**What is required**: Print only the lines below from the one with "资金流向方面,180波动(0" to the one with "Sexto. Por último, cogemos", both included, exactly as they stand. Leave pictures out.

**Data shown**:
== == ==
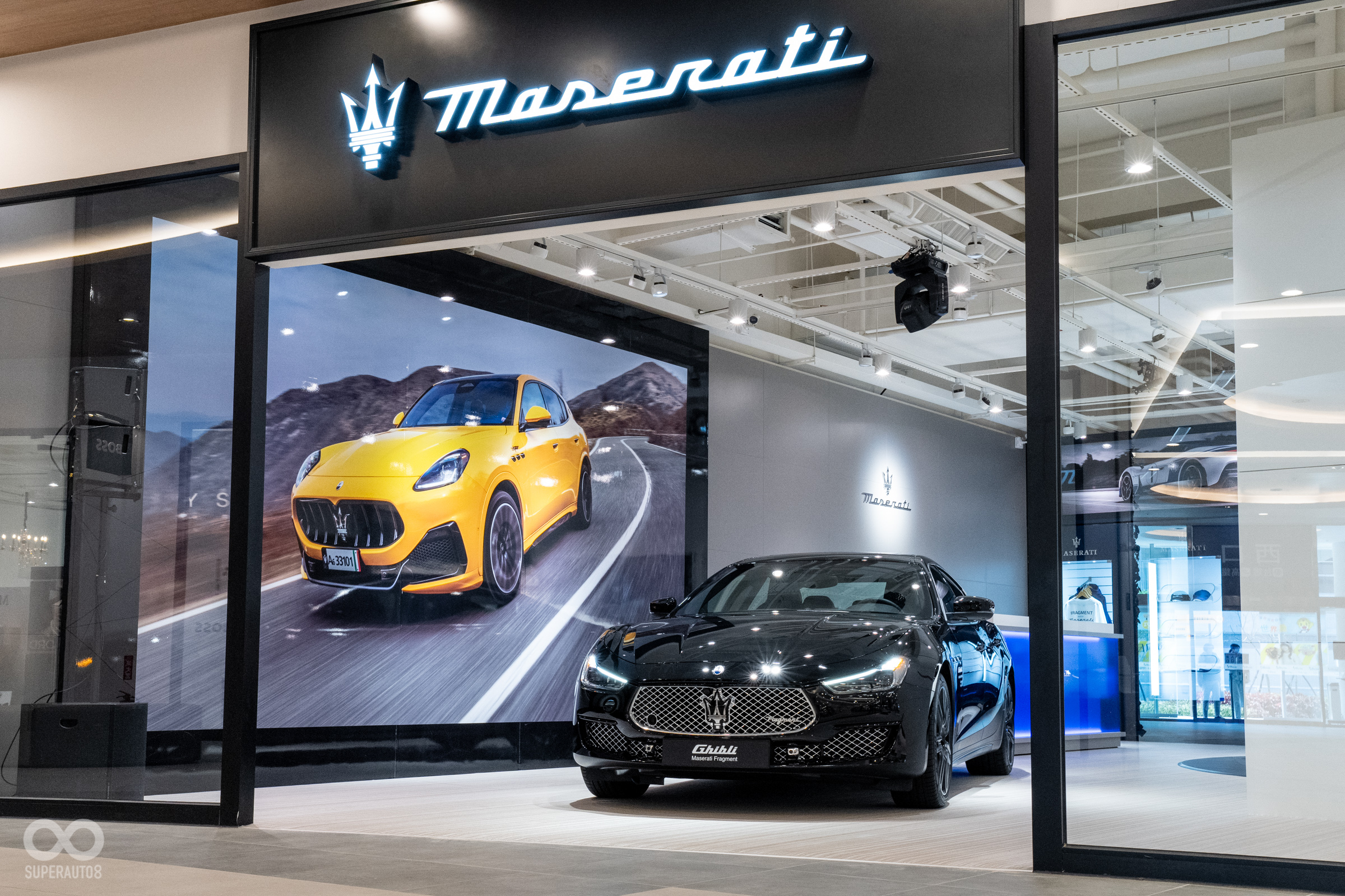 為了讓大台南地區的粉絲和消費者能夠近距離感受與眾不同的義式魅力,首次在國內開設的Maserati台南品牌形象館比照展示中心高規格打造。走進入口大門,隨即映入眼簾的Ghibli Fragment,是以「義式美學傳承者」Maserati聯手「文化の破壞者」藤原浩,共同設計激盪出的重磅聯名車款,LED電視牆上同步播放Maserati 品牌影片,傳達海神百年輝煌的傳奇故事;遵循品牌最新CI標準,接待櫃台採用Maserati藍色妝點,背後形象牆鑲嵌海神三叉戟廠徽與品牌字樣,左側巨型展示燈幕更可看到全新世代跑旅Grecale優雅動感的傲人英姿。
== == ==
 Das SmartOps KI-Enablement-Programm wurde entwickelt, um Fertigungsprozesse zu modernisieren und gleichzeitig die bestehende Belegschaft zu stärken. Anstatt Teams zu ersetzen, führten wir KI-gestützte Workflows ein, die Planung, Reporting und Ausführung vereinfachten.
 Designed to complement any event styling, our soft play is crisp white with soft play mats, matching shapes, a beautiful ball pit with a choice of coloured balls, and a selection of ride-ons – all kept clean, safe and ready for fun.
== == ==
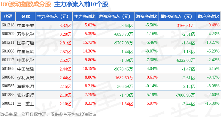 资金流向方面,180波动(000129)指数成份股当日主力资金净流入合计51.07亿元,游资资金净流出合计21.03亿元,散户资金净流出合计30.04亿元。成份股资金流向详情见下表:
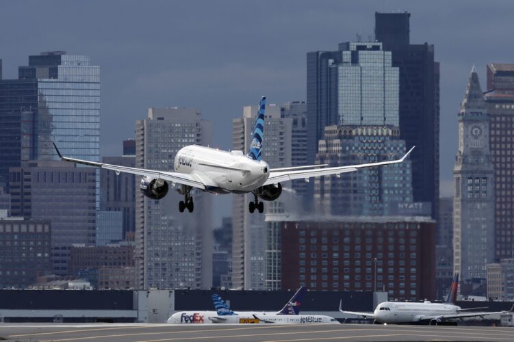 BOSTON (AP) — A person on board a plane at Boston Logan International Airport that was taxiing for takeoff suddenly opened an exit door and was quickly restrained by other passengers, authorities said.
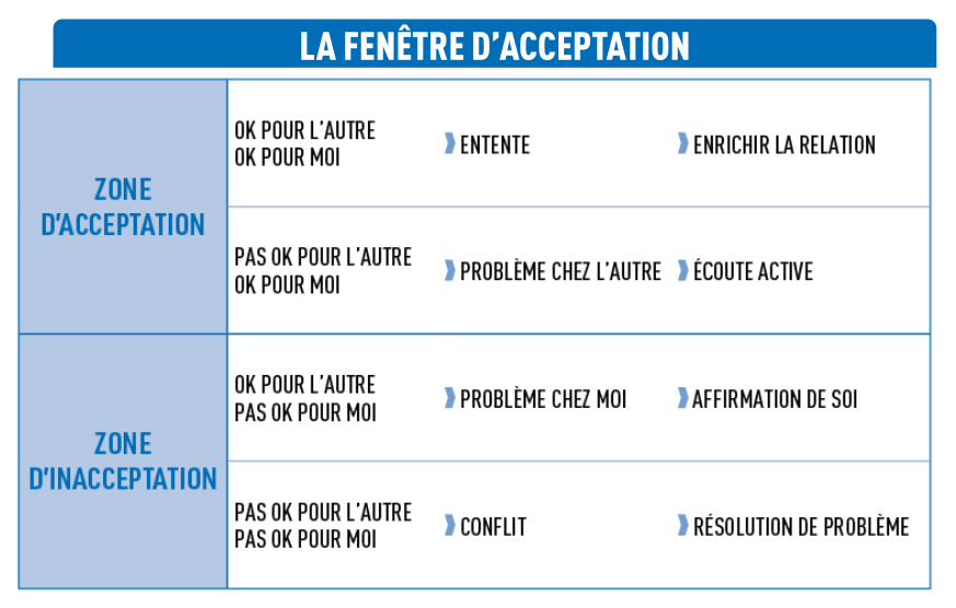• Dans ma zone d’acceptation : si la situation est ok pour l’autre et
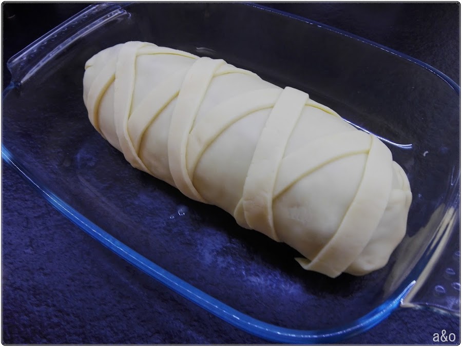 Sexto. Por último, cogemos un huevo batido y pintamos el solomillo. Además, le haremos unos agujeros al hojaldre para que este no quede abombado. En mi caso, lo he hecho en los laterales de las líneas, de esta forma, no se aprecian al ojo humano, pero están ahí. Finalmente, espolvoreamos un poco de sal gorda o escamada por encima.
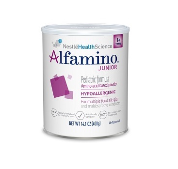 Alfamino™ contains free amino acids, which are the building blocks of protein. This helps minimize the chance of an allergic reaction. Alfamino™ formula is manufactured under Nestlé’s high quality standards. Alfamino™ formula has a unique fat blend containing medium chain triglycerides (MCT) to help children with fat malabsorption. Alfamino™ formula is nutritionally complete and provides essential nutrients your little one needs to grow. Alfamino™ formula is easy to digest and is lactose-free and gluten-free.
== == ==
**Solved problem**:
 资金流向方面,180波动(000129)指数成份股当日主力资金净流入合计51.07亿元,游资资金净流出合计21.03亿元,散户资金净流出合计30.04亿元。成份股资金流向详情见下表:
 BOSTON (AP) — A person on board a plane at Boston Logan International Airport that was taxiing for takeoff suddenly opened an exit door and was quickly restrained by other passengers, authorities said.
• Dans ma zone d’acceptation : si la situation est ok pour l’autre et
 Sexto. Por último, cogemos un huevo batido y pintamos el solomillo. Además, le haremos unos agujeros al hojaldre para que este no quede abombado. En mi caso, lo he hecho en los laterales de las líneas, de esta forma, no se aprecian al ojo humano, pero están ahí. Finalmente, espolvoreamos un poco de sal gorda o escamada por encima.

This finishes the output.